My experience is that there are huge problems with these coverage checkers. Pretty much every network says I’ll be able to get a 3G signal in Central London where I live. In reality when I ran tests with two of the networks, one network struggled to maintain a 3G signal (it would often revert to 2G) whereas another network would often give no signal at all. In another twist, on one network downloads over the 3G connection would sometimes be slower than downloads over a 2G connection (maybe due to network congestion or poor signal quality).

There are several problems with network-provided coverage checkers. Firstly, networks have an incentive to slightly over-state their coverage. After all, if you tell a potential customer they won’t be able to get a signal where they live, they won’t become a customer of your network. Secondly, there are a lot of variables which contribute to signal quality: whether you’re indoors or outdoors, which phone you use, what kind of building materials are used for your house, etc. Today’s coverage checkers don’t take factors such as phone and building materials into account.

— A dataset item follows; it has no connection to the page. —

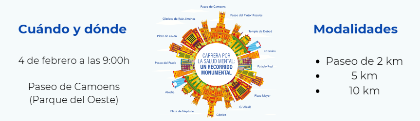 El próximo 4 de febrero se celebrará la XII Carrera por la Salud Mental que organiza Fundación Manantial. Como cada año, ROVI te invita a participar en alguna de las modalidades (paseo de 2 km, 5 km o 10 km) de esta competición solidaria que recorre alguna de las más emblemáticas calles del centro de Madrid.

Proposal: Crowd-source signal strength statistics

Metallica at Rock Werchter 2009 ♫♪
Creative Commons License photo: crsan

The problem with coverage checkers got me thinking. Wouldn’t it be great if we could have one central independent website where you could compare signal strength across different networks objectively? You could enter your postcode and the website would show you other people’s real-world experiences getting signal from each of the networks. You’d be able to do a quantitative side-by-side comparison of other people’s experiences rather than relying on predictions and computer models.

The collection of data can be crowd-sourced to smartphone users. Users would be able to install an application which would report a location using GPS and measure signal strength using APIs built in to Android. Such an application could even be configured to run in the background reporting signal strength information as users travel around the country (subject to privacy concerns, data protection, etc).

With this collection of real-world experimental data, such a coverage checker tool can finally take into account factors such as the effects of buildings on reception and the ability of different phones to maintain a signal. The effect of buildings on reception would be immediately seen in the real-world indoor coverage data: densely-populated areas with old Victorian buildings might experience poorer coverage compared to other less densely populated areas – we would see this in our data whereas we might not in computer models.

How practical is it to crowd-source coverage data?

Vodafone experimented with creating a crowd-sourced coverage map in June last year. Unfortunately it never took off – with too few people submitting coverage data, the map is next to useless for anybody who wants to find out what Vodafone reception is really like. One of the problems with the Vodafone system is that users need to manually tweet coverage information and nobody really wants to go to all of that effort.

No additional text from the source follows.